Sarah Caudwell, "Reply to Berlin," October 1986.[17]

Isherwood never publicly confirmed that Ross was his model for Sally Bowles until after her death. However, other mutual acquaintances were less discreet. Ross herself indicated that her former partner, journalist Claud Cockburn, had leaked to his friends in the press that she had inspired the character.[136] In 1951, poet Stephen Spender publicly confirmed that Bowles was based on a real person in his autobiography World Within World,[33] and he further confirmed the abortion incident was factual.[54] Later, Gerald Hamilton—the inspiration for "Mr. Norris"—identified Ross as Sally Bowles in his 1969 memoir The Way It Was With Me due to a public feud[s] with her Bowles' former partner Claud Cockburn.[26] Consequently, when Cabaret garnered acclaim in the late 1960s, Ross was tracked down by journalists and hounded with intrusive questions, particularly by the ruthless Daily Mail.[138]

Badgered by the press, Ross refused to discuss her sexual misadventures in Weimar Berlin.
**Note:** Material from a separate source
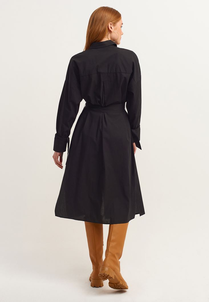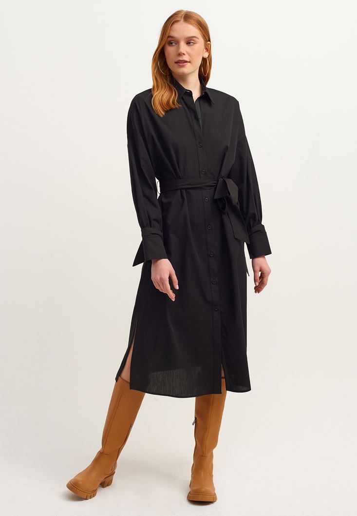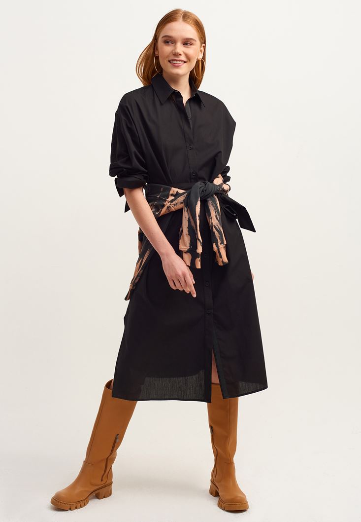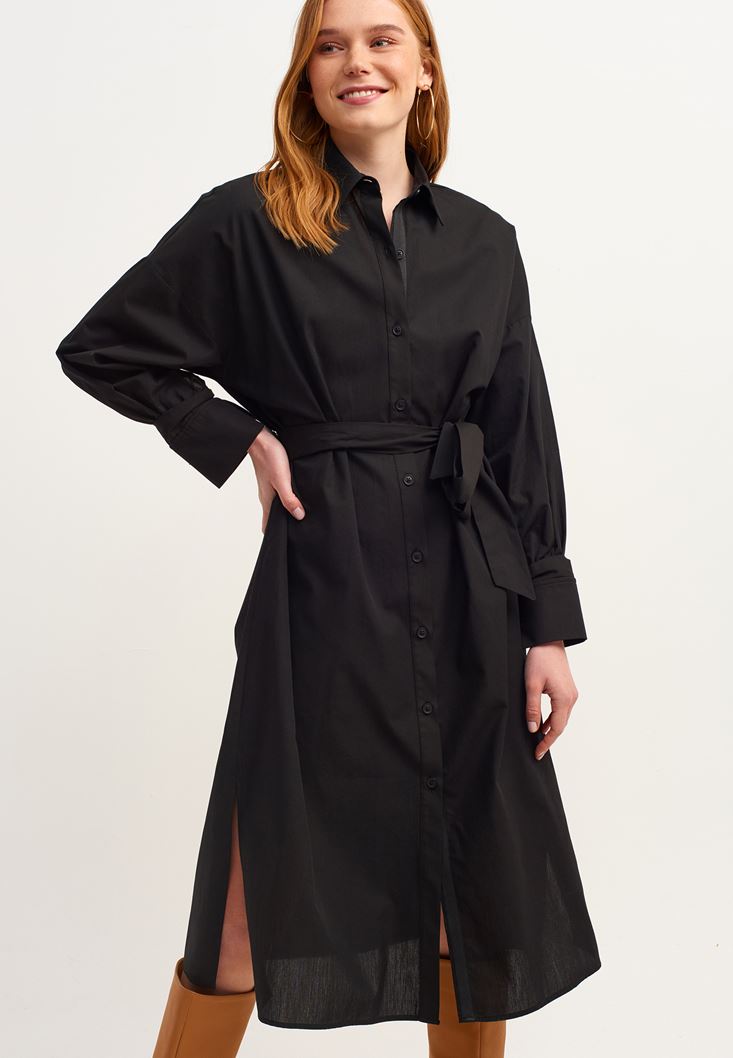 Siyah Pamuklu ve Kuşaklı Gömlek Elbise

Her daughter claimed the journalist's relentless interrogations "were invariably a disappointment on both sides: the journalists always wanted to talk about sex" while Ross "always wanted to talk about politics."[17] Ross bitterly noted that reporters always claimed to seek knowledge "about Berlin in the Thirties" and yet they did not wish "to know about the unemployment or the poverty or the Nazis marching through the streets — all they want to know is how many men I went to bed with."[17][1] Ross became particularly incensed when the reporters attempted to ascribe her many sexual affairs to her feminist beliefs:

"They asked if I was a feminist. Well, of course I am, darling. But they don't think that feminism is about sex, do they? It's about economics."[17]
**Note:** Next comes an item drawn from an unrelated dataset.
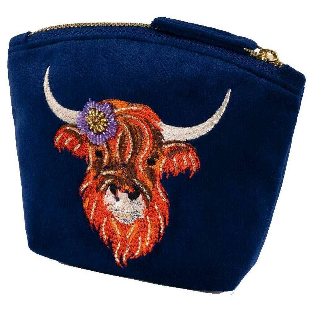 Powder Highland Cow Broderet Velvet Mini Pouch - Navy Blue/Orange/Beige

Ross steadfastly declined invitations to watch Cabaret or any related adaptations.[139][136] Her ambivalence towards the popular success of Cabaret was not unique among Isherwood's acquaintances: The poet Stephen Spender lamented how Cabaret glossed over Weimar Berlin's crushing poverty, and he later noted that there was "not a single meal or club in the movie Cabaret that Christopher and I could have afforded."[22] Both Spender and Ross often contended that Isherwood's stories glamorized and distorted the harsh realities of 1930s Berlin.[22] In Ross' own words, Isherwood's "story was quite, quite different from what really happened."[140] However, she admitted that the depiction of their social group of British expatriates as pleasure-seeking libertines was accurate: "We were all utterly against the bourgeois standards of our parents' generation. That's what took us to [Weimar-era] Berlin. The climate was freer there."[140]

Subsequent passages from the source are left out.